A holistic approach to system reliability in blue gene
Abstract
Optimizing supercomputer performance requires a balance between objectives for processor performance, network performance, power delivery and cooling, cost and reliability. In particular, scaling a system to a large number of processors poses challenges for reliability, availability and serviceability. Given the power and thermal constraints of data centers, the BlueGene/L supercomputer has been designed with a focus on maximizing floating point operations per second per Watt (FLOPS/Watt). This results in a drastic reduction in FLOPS/m2 floor space and FLOPS/dollar, allowing for affordable scale-up. The BlueGene/L system has been scaled to a total of 65,536 compute nodes in 64 racks. A system approach was used to minimize power at all levels, from the processor to the cooling plant. A Blue-Gene/L compute node consists of a single ASIC and associated memory. The ASIC integrates all system functions including processors, the memory subsystem and communication, thereby minimizing chip count, interfaces, and power dissipation. As the number of components increases, even a low failure rate per-component will lead to an unacceptable system failure rate. Additional mechanisms will have to be deployed to achieve sufficient reliability at the system level.

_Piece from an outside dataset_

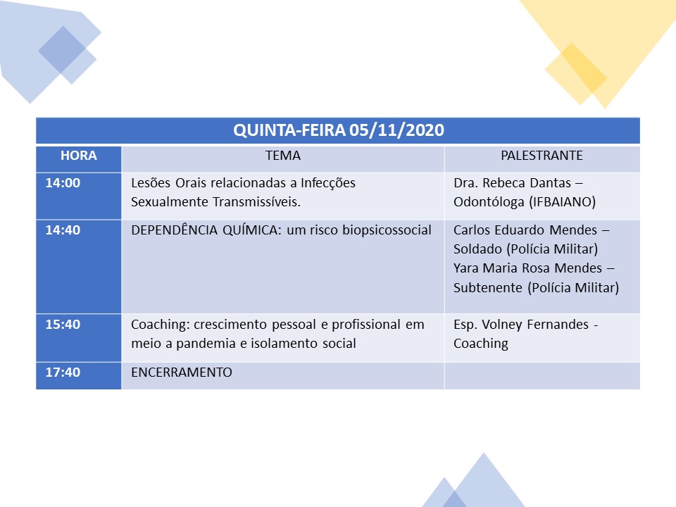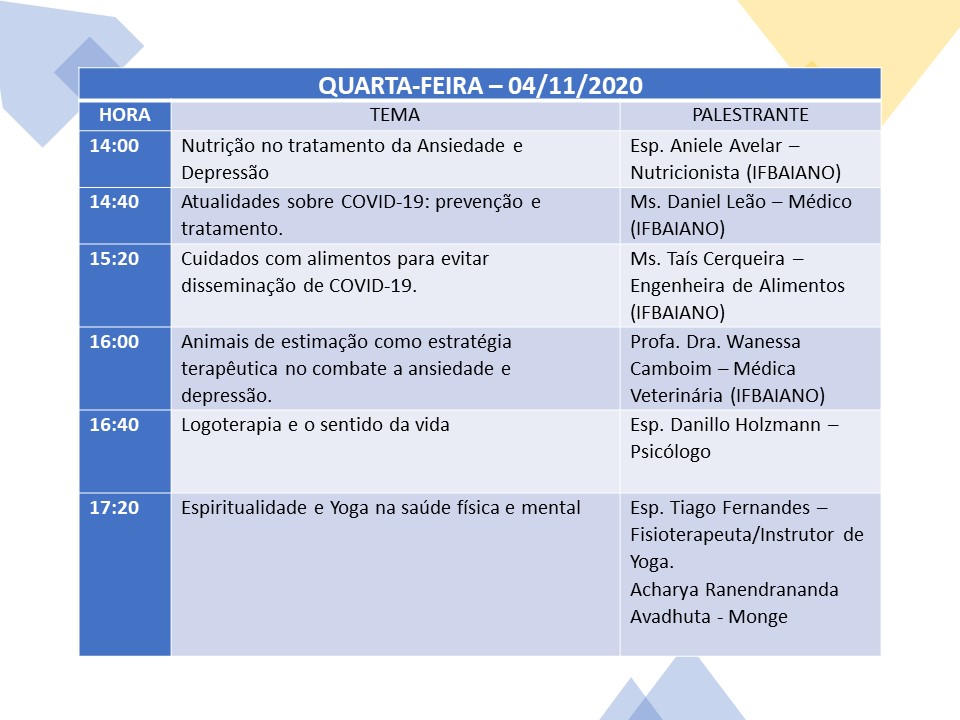 Confira a programação:

In particular, the data transfer volume in the communication networks of a massively parallel system poses significant challenges on bit error rates and recovery mechanisms in the communication links. Low power dissipation and high performance, along with reliability, availability and serviceability were prime considerations in BlueGene/L hardware architecture, system design, and packaging. A high-performance software stack, consisting of operating system services, compilers, libraries and middleware, completes the system, while enhancing reliability and data integrity. © 2006 IEEE.